Par Philippe Rezzonico
Peut-être pas tous, mais on entendait causer espagnol bien plus qu’en anglais ou en français pour le retour de la Colombienne après huit ans d’absence. Une artiste que l’on a bien failli ne plus revoir, d’ailleurs.
Il y a eu, bien sûr, la naissance de ses enfants avec le joueur de football Gérard Piqué, du Barça, mais aussi l’hémorragie à ses cordes vocales qui a mené au report de la tournée El Dorado qui devait passer en ville l’an dernier.
« Il y a quelques mois, j’ai pensé que je ne chanterais plus jamais, a-t-elle dit à la foule en français. Mais les miracles existent. C’est grâce à vous que je suis ici. Merci. »
Dans les faits, Shakira s’est exprimée exclusivement en français aux 13 500 spectateurs. Surtout aux spectatrices, en fait. Au point que ma voisine, une latino qui parle parfaitement le français, a hurlé : « En espagnol! ». C’était quelque peu surréaliste, il faut admettre.

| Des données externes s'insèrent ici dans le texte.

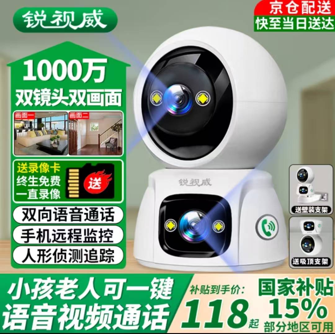 高清室内监控摄像头家用无线wifi网络远程手机监控器360度无死角

Ce qui était aussi surréaliste, aussi, c’est de savoir que Shakira a 41 ans. Elle est arrivée sur scène en courant comme une adolescente. Même durant les immenses gros plans de son visage retransmis sur les gigantesques écrans circulaires ou rectangulaires, on lui donne 29 ou 31 ans, au maximum.
Belle, racée, sexy, sensuelle, aguichante et provocante : les mouvements de hanches, de bassin et de sa poitrine sont parfois plus que suggestifs. Durant Perro Fiel, la chanteuse s’est pris les seins à pleines mains une demi-douzaine de fois. J’ai vérifié avec la traduction, ça concorde parfaitement avec le propos du texte. On ne parle pas d’allaitement maternel…
Comme les Américaines
Certains aspects du concert de Shakira ressemblent beaucoup à ceux de vedettes américaines comme Madonna, Lady Gaga, P!nk ou Katy Perry. Mais avec parfois des variantes.

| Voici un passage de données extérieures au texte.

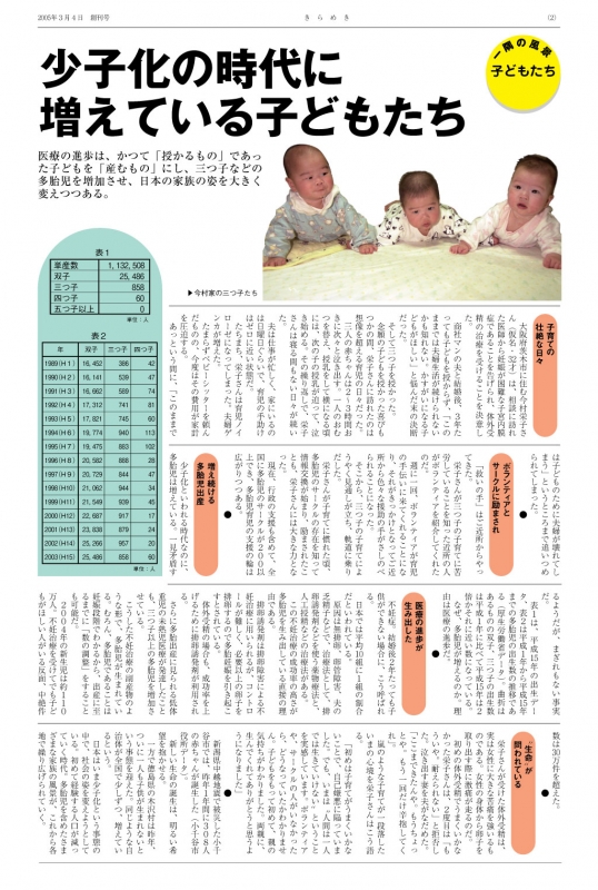 少子化の時代に増えている子どもたち~医療の進歩は、かつて「授かるもの」であった子どもを「産むもの」にし、三つ子などの多胎児を増加させ、日本の家族の姿を大きく変えつつある。

Du côté des similitudes, on retrouve l’utilisation d’éléments pyrotechniques, de lance-flammes et de confettis. On a même eu droit à une pluie de confettis lors du doublé Estoy aqui, Donde estas corazon ? en ouverture. D’ordinaire, on attend à la dernière chanson de la soirée. Shakira nous offre aussi un intermède mollo en milieu de parcours avec un bivouac acoustique. Splendide Antologia.
En revanche, il n’y a aucun danseur ou danseuse avec elle. Et ça se comprend. Après avoir vu son numéro de baladi durant Whenever, Whenever, tu comprends que quiconque serait à ses côtés se ferait ridiculiser. Quand on voit Madonna ou Beyoncé se déchaîner sur scène, on sait que c’est au prix d’un entraînement féroce. Shakira? C’est tout naturel.

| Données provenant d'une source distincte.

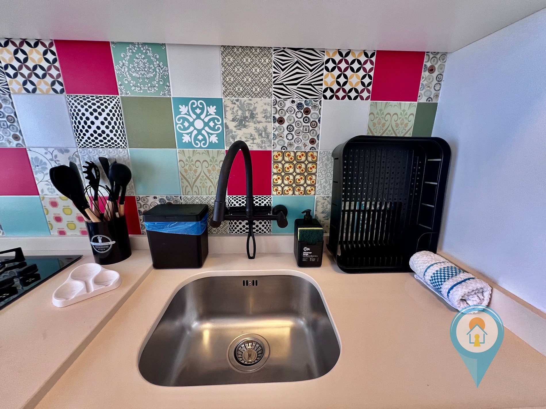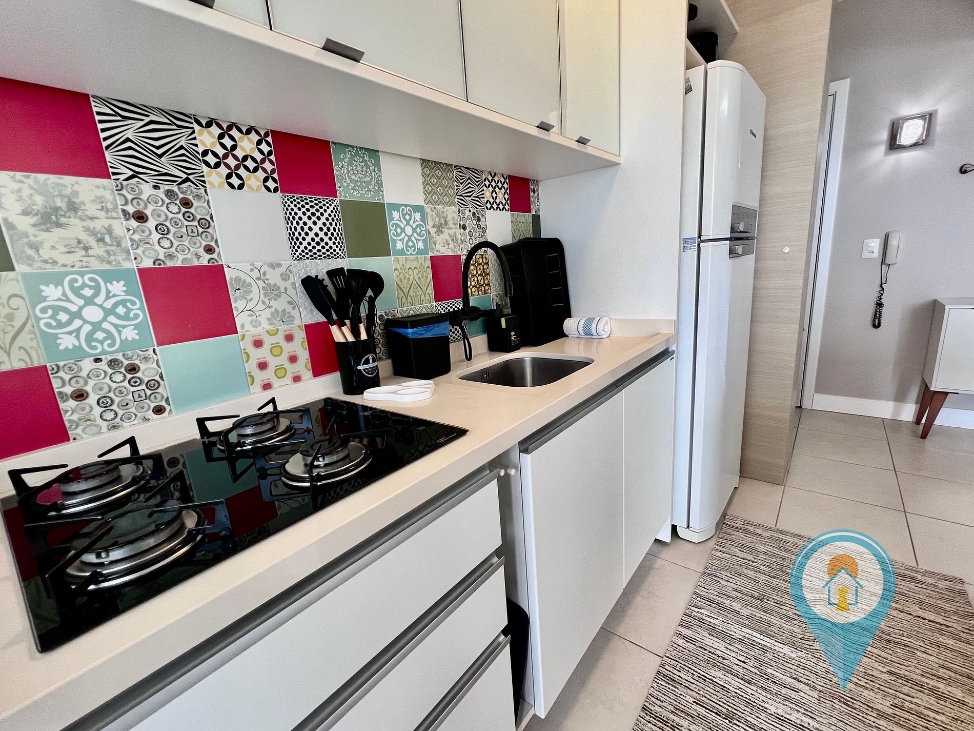 O apartamento dispõe de cozinha completa: Geladeira, microondas, fogão, cafeteira e outros eletros. Também inclui utensílios - pratos, copos, talheres, panelas, panos de prato, potes e utensílios de churrasco, faca, garfo e tábua de carne.

Elle démontre à quel point elle est une femme forte en brisant ses chaînes en ouverture de She Wolf, qu’elle interprète avec le concours de la foule qui hurle au loup avec elle.
Et toutes les bombes d’allégeance anglosaxonne, colombiennes et africaines sont au rendez-vous : Si te vas, Underneath Your Clothes, Me enamoré, Inevitable, Amarillo, La La La, La Tortura, Waka Waka (This Time For Africa) et Hips Don’t Lie. Pop, salsa, cumbia, reggaeton, c’est un feu roulant ininterrompu durant près de deux heures.
Chantaje devient même une chanson à répondre avec la foule. Et comme elle se trouve dans une ville francophone, Shakira offre au rappel Je l’aime à mourir, classique de Francis Cabrel qu’elle a enregistrée en 2011, sur une petite scène au milieu de la foule.
Lorsqu’elle a bouclé la soirée sur La bicicleta en sautant comme une possédée, pieds nus, sur scène, j’ai l’impression on a entendu plus de « gracias » que de « mercis » dans la foule. Comme il se doit.